In the records below, repeat exactly the lines between the line holding "top view portrait" and the line holding "Ultra-Clear Picture &", inclusive, and drop the pictures.

(RECORDS TO USE begins)

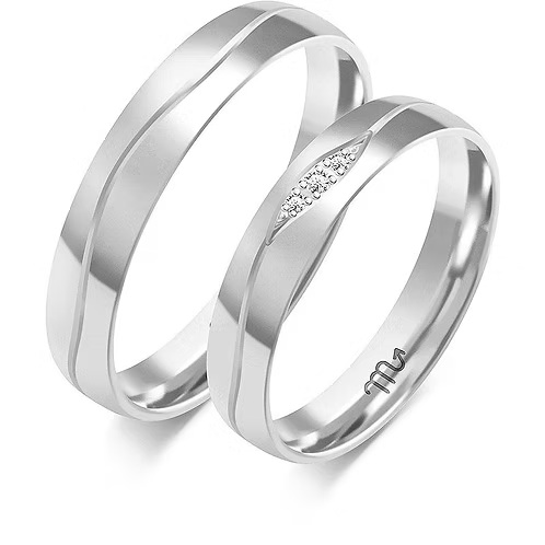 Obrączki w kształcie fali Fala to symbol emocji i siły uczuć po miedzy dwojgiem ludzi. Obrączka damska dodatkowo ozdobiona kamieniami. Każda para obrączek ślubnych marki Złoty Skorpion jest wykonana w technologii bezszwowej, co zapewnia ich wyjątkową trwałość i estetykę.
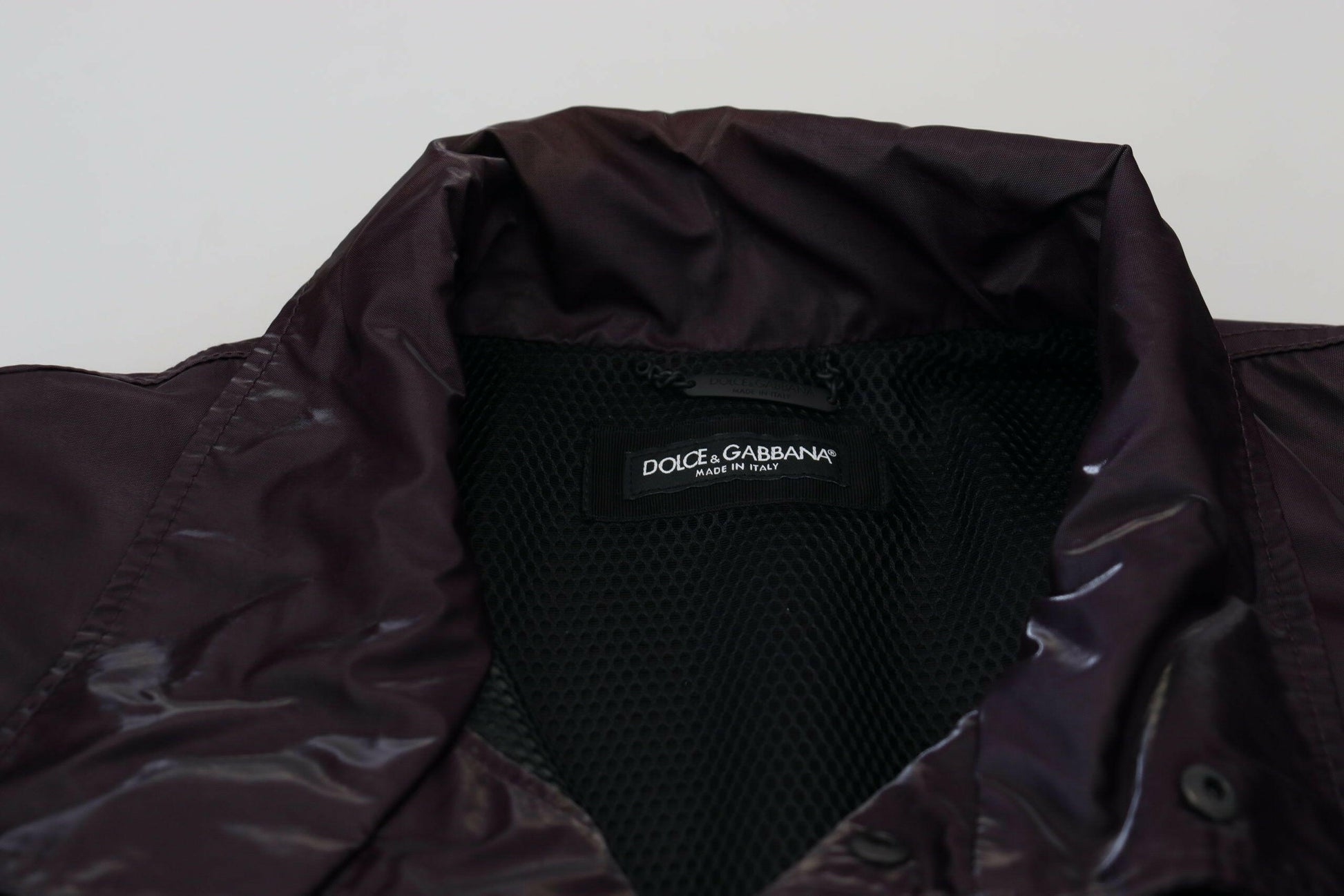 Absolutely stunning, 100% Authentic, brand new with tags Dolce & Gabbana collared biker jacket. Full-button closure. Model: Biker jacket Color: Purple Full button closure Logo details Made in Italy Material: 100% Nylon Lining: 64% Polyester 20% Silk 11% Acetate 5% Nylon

(RECORDS TO USE ends)
(RECORDS TO USE begins)

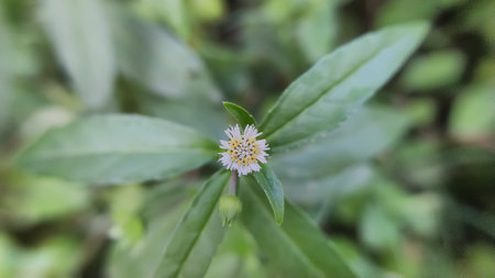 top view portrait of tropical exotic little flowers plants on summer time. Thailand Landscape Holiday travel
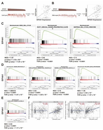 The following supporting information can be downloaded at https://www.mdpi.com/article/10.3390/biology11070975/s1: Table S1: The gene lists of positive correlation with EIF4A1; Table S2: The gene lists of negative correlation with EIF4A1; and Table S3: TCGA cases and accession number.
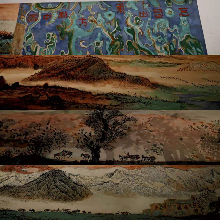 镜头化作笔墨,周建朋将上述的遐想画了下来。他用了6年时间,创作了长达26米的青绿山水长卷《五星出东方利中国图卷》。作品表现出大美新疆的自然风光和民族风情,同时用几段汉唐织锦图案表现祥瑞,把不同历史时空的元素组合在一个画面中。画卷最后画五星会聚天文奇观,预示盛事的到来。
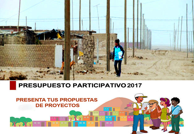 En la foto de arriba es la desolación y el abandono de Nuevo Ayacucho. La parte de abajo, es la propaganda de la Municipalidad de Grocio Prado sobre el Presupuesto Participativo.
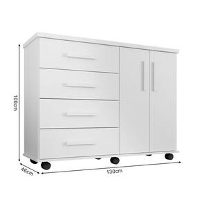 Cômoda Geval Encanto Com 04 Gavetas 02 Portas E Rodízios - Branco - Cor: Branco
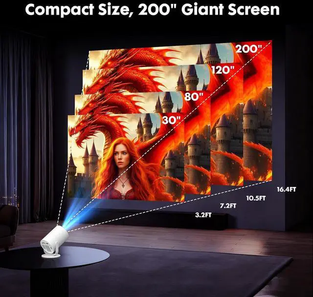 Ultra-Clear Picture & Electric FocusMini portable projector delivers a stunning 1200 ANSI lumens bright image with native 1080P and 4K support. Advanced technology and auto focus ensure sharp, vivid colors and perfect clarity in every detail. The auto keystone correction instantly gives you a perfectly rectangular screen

(RECORDS TO USE ends)

**ANSWER SPACE**
 top view portrait of tropical exotic little flowers plants on summer time. Thailand Landscape Holiday travel
 The following supporting information can be downloaded at https://www.mdpi.com/article/10.3390/biology11070975/s1: Table S1: The gene lists of positive correlation with EIF4A1; Table S2: The gene lists of negative correlation with EIF4A1; and Table S3: TCGA cases and accession number.
 镜头化作笔墨,周建朋将上述的遐想画了下来。他用了6年时间,创作了长达26米的青绿山水长卷《五星出东方利中国图卷》。作品表现出大美新疆的自然风光和民族风情,同时用几段汉唐织锦图案表现祥瑞,把不同历史时空的元素组合在一个画面中。画卷最后画五星会聚天文奇观,预示盛事的到来。
 En la foto de arriba es la desolación y el abandono de Nuevo Ayacucho. La parte de abajo, es la propaganda de la Municipalidad de Grocio Prado sobre el Presupuesto Participativo.
 Cômoda Geval Encanto Com 04 Gavetas 02 Portas E Rodízios - Branco - Cor: Branco
 Ultra-Clear Picture & Electric FocusMini portable projector delivers a stunning 1200 ANSI lumens bright image with native 1080P and 4K support. Advanced technology and auto focus ensure sharp, vivid colors and perfect clarity in every detail. The auto keystone correction instantly gives you a perfectly rectangular screen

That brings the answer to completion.